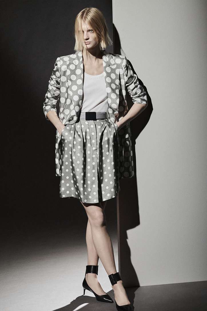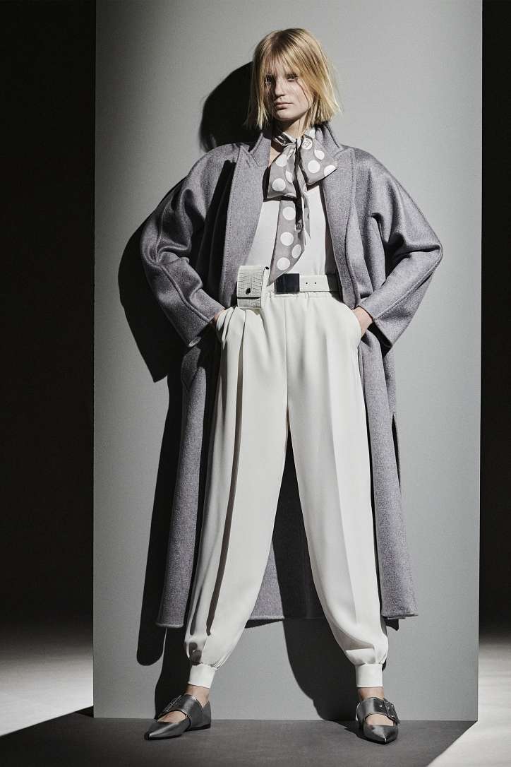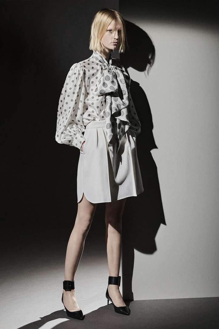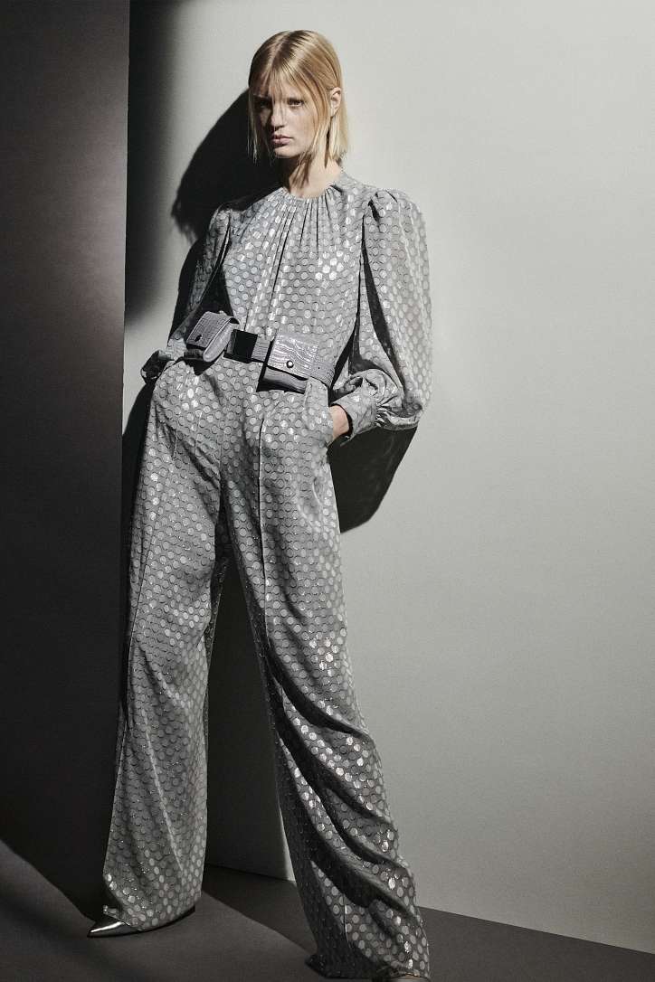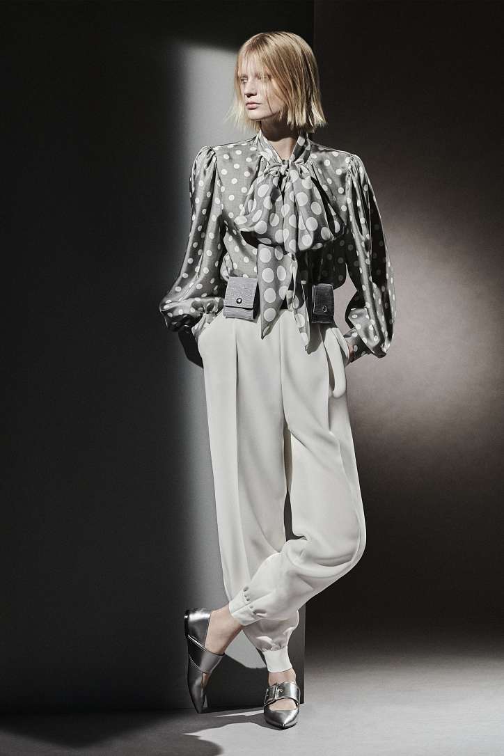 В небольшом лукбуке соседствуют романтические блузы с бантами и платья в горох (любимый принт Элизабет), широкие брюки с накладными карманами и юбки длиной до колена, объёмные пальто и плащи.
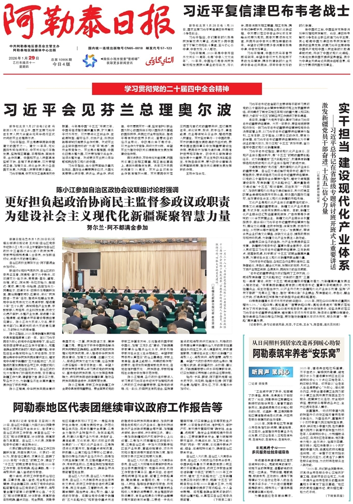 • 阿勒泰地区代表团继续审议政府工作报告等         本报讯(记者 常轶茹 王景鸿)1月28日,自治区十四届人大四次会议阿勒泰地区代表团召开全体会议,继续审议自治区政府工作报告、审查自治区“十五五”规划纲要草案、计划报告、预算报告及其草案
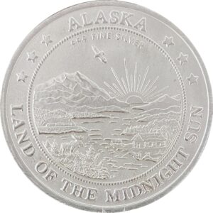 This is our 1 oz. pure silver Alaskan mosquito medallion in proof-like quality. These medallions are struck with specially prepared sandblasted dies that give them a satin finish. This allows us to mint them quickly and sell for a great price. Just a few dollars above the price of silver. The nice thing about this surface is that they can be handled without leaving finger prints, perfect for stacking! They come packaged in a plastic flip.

┄┄┄┄┄┄┄┄┄┄

THE PROBLEM:
Type the lines above out again exactly as they appear, skipping every picture.

RESULT OF THIS EXERCISE:
 В небольшом лукбуке соседствуют романтические блузы с бантами и платья в горох (любимый принт Элизабет), широкие брюки с накладными карманами и юбки длиной до колена, объёмные пальто и плащи.
 • 阿勒泰地区代表团继续审议政府工作报告等         本报讯(记者 常轶茹 王景鸿)1月28日,自治区十四届人大四次会议阿勒泰地区代表团召开全体会议,继续审议自治区政府工作报告、审查自治区“十五五”规划纲要草案、计划报告、预算报告及其草案
 This is our 1 oz. pure silver Alaskan mosquito medallion in proof-like quality. These medallions are struck with specially prepared sandblasted dies that give them a satin finish. This allows us to mint them quickly and sell for a great price. Just a few dollars above the price of silver. The nice thing about this surface is that they can be handled without leaving finger prints, perfect for stacking! They come packaged in a plastic flip.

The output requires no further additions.